> PROBLEM DESCRIPTION: Every line below must be copied as written, except for pictures.

> INFORMATION:

^^^^

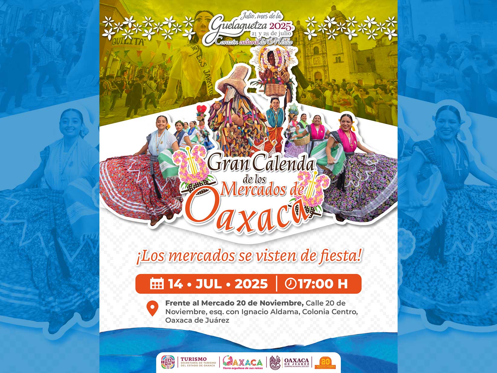 ¡Este lunes los mercados de Oaxaca se unen para celebrar la Gran Calenda de los Mercados 2025!, a partir de las 5 de la tarde, frente al Mercado 20 de Noviembre.
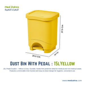 15L pedal-operated dust bin in yellow and grey, ideal for hygienic waste disposal in homes, offices, and medical spaces. Durable, hands-free, and easy to use.
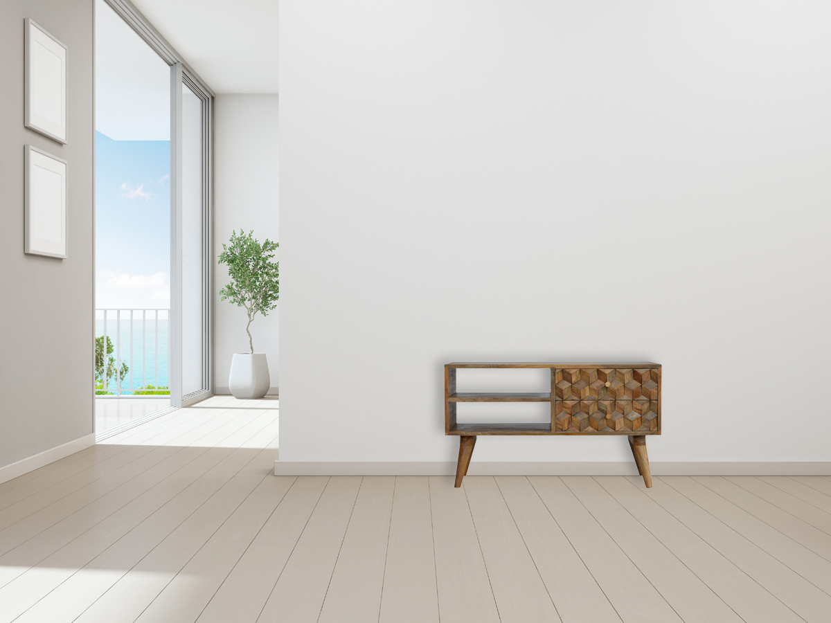 The main feature of this media unit is the carved cube doors fronts which make the pieces from this collection stand out. It has been constructed from 100% solid mango wood in an oak-ish finish, it features 2 open slots for extra storage and stands on 4 Nordic-style legs. It can be partnered with the other pieces from the range or stand individually as its style is versatile and can fit into different types of interiors.
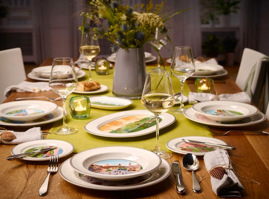 This deep plate forms part of Villeroy & Boch's folk art design collection Design Naif and shows one out of eight different deep plate designs. The rustic scenes featured on the individual items of this collection will add a touch of charm and atmosphere to any table. Designed by the Corsican artist Gérard Laplau, the decor has made an important contribution to establishing Design Naif as an art form all over the world. This premium porcelain is ideal for everyday use on the breakfast table or for an afternoon coffee break. Dishwasher safe and microwave safe.
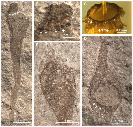 In addition to new Aristovo collections, the present paper includes new images of Permian collections of Rhizinigerites previously published in [,] from Viled (deposited in the Geological Institute of Russian Academy of Science (GIN RAS)), collections of Polyssaievia published in [] from various localities (listed in the captions of its illustrations), deposited in GIN RAS, and collections of Kulindobryum published in [] from the Middle Jurassic of Transbaikalia (deposited in the Borissyak Paleontological Institute of Russian Academy of Science (PIN RAS)).
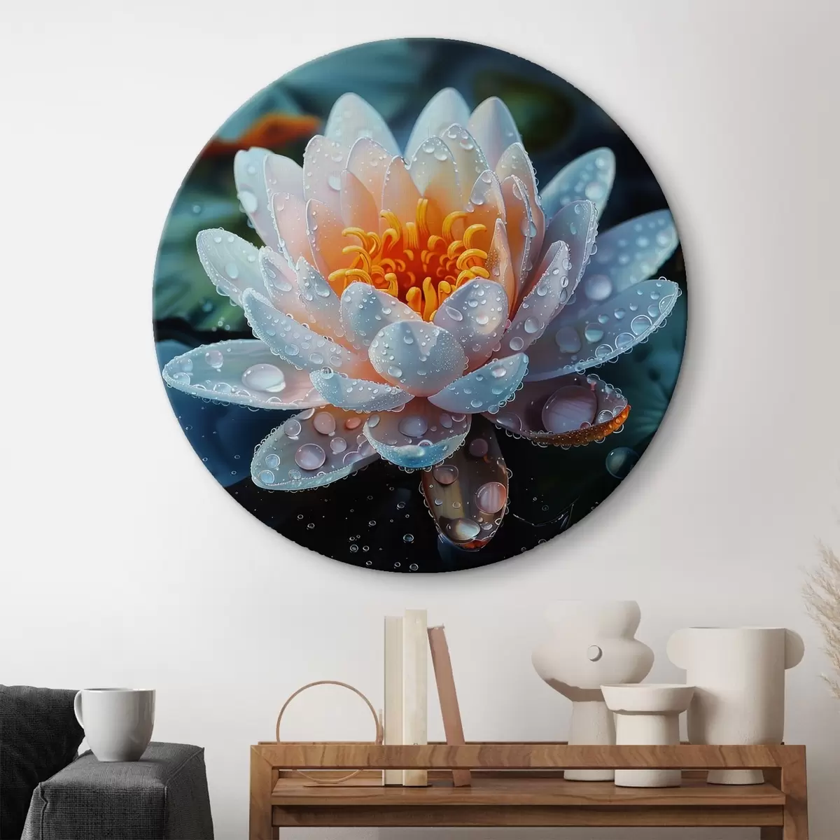 Tableaux rondes Fleur de lotus avec gouttes de rosée Nr r41433
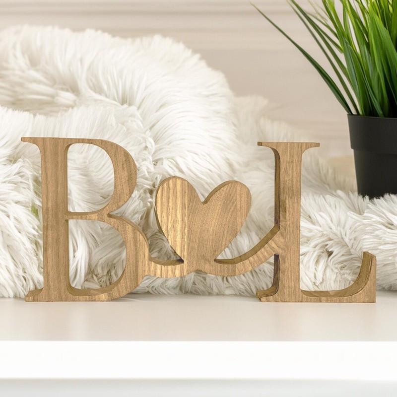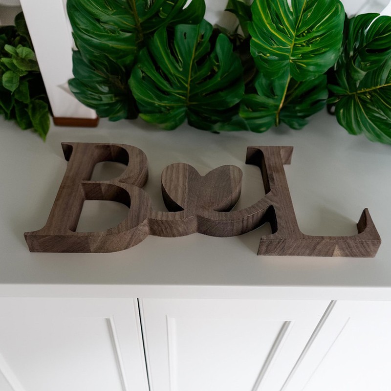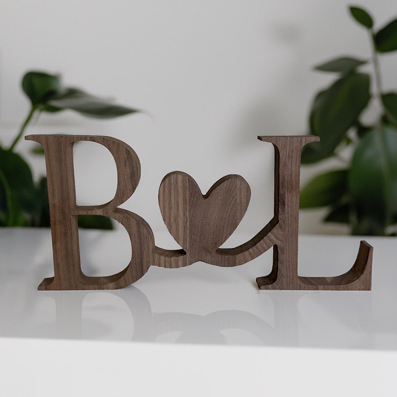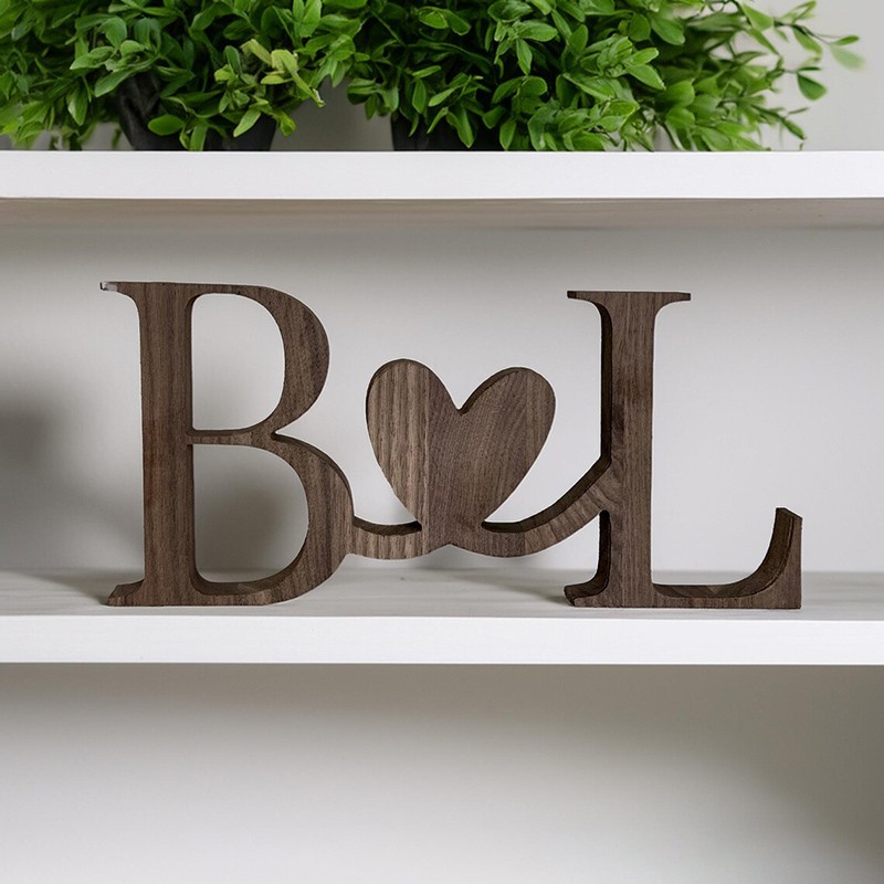 Celebrate your love with this beautifully crafted standing wood initials sign, perfect for weddings, anniversaries, or as a thoughtful gift for your special someone. Each set is customized with two initials joined by a heart, symbolizing lasting connection and affection.
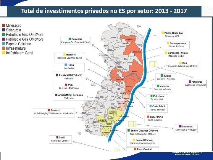 ESPIRITO SANTO: Investimentos Anunciados (públicos e privados) 2012 a 2017 = R$ 125, 14 bilhões Fonte: Governo do ES/IJSN/
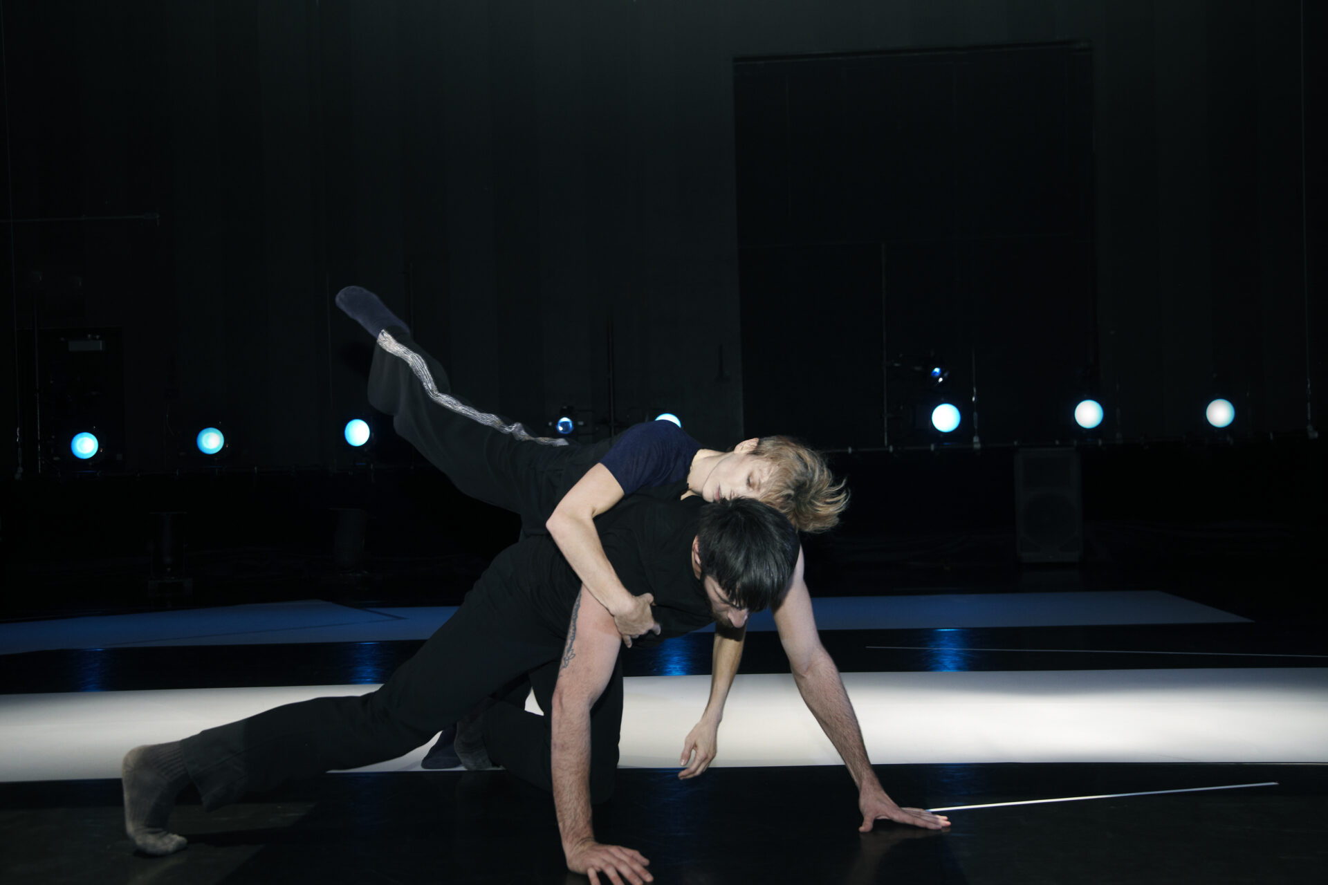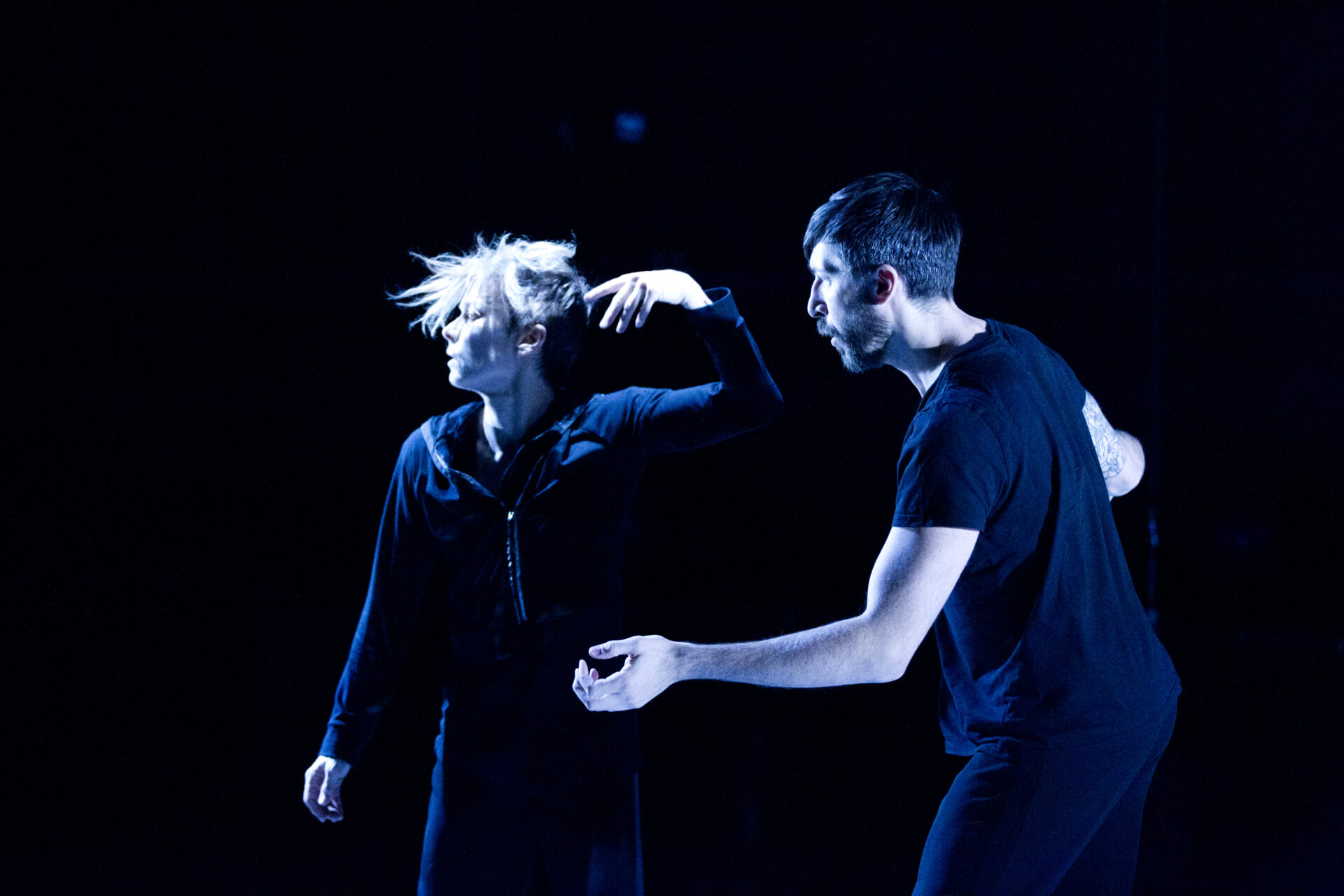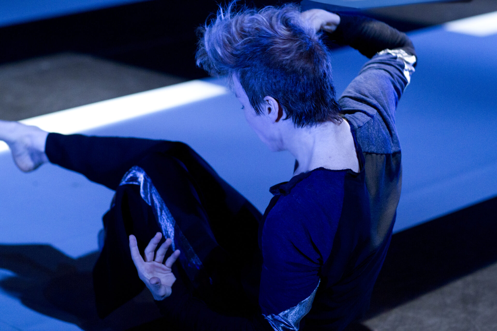 Finalement, et après avoir passé d’innombrables heures en studio à expérimenter sur du Daft Punk, la tornade blonde s’est assagie – bien que le mot soit trop fort – au contact du compositeur turc Mercan Dede, qui mélange musique soufie et électro actuel. «Plus je l’ai écoutée, plus j’ai été happée par cette sonorité sensuelle. Je me suis mise à travailler la danse un peu autrement, tranquillement. Y a quelque chose de plus fluide dans le mouvement. Cette idée de bleu est arrivée, je pense, avec cette musique moyenne orientale qui apporte des nuances à tout.»

^^^^

> RESPONSE:
 ¡Este lunes los mercados de Oaxaca se unen para celebrar la Gran Calenda de los Mercados 2025!, a partir de las 5 de la tarde, frente al Mercado 20 de Noviembre.
 15L pedal-operated dust bin in yellow and grey, ideal for hygienic waste disposal in homes, offices, and medical spaces. Durable, hands-free, and easy to use.
 The main feature of this media unit is the carved cube doors fronts which make the pieces from this collection stand out. It has been constructed from 100% solid mango wood in an oak-ish finish, it features 2 open slots for extra storage and stands on 4 Nordic-style legs. It can be partnered with the other pieces from the range or stand individually as its style is versatile and can fit into different types of interiors.
 This deep plate forms part of Villeroy & Boch's folk art design collection Design Naif and shows one out of eight different deep plate designs. The rustic scenes featured on the individual items of this collection will add a touch of charm and atmosphere to any table. Designed by the Corsican artist Gérard Laplau, the decor has made an important contribution to establishing Design Naif as an art form all over the world. This premium porcelain is ideal for everyday use on the breakfast table or for an afternoon coffee break. Dishwasher safe and microwave safe.
 In addition to new Aristovo collections, the present paper includes new images of Permian collections of Rhizinigerites previously published in [,] from Viled (deposited in the Geological Institute of Russian Academy of Science (GIN RAS)), collections of Polyssaievia published in [] from various localities (listed in the captions of its illustrations), deposited in GIN RAS, and collections of Kulindobryum published in [] from the Middle Jurassic of Transbaikalia (deposited in the Borissyak Paleontological Institute of Russian Academy of Science (PIN RAS)).
 Tableaux rondes Fleur de lotus avec gouttes de rosée Nr r41433
 Celebrate your love with this beautifully crafted standing wood initials sign, perfect for weddings, anniversaries, or as a thoughtful gift for your special someone. Each set is customized with two initials joined by a heart, symbolizing lasting connection and affection.
 ESPIRITO SANTO: Investimentos Anunciados (públicos e privados) 2012 a 2017 = R$ 125, 14 bilhões Fonte: Governo do ES/IJSN/
 Finalement, et après avoir passé d’innombrables heures en studio à expérimenter sur du Daft Punk, la tornade blonde s’est assagie – bien que le mot soit trop fort – au contact du compositeur turc Mercan Dede, qui mélange musique soufie et électro actuel. «Plus je l’ai écoutée, plus j’ai été happée par cette sonorité sensuelle. Je me suis mise à travailler la danse un peu autrement, tranquillement. Y a quelque chose de plus fluide dans le mouvement. Cette idée de bleu est arrivée, je pense, avec cette musique moyenne orientale qui apporte des nuances à tout.»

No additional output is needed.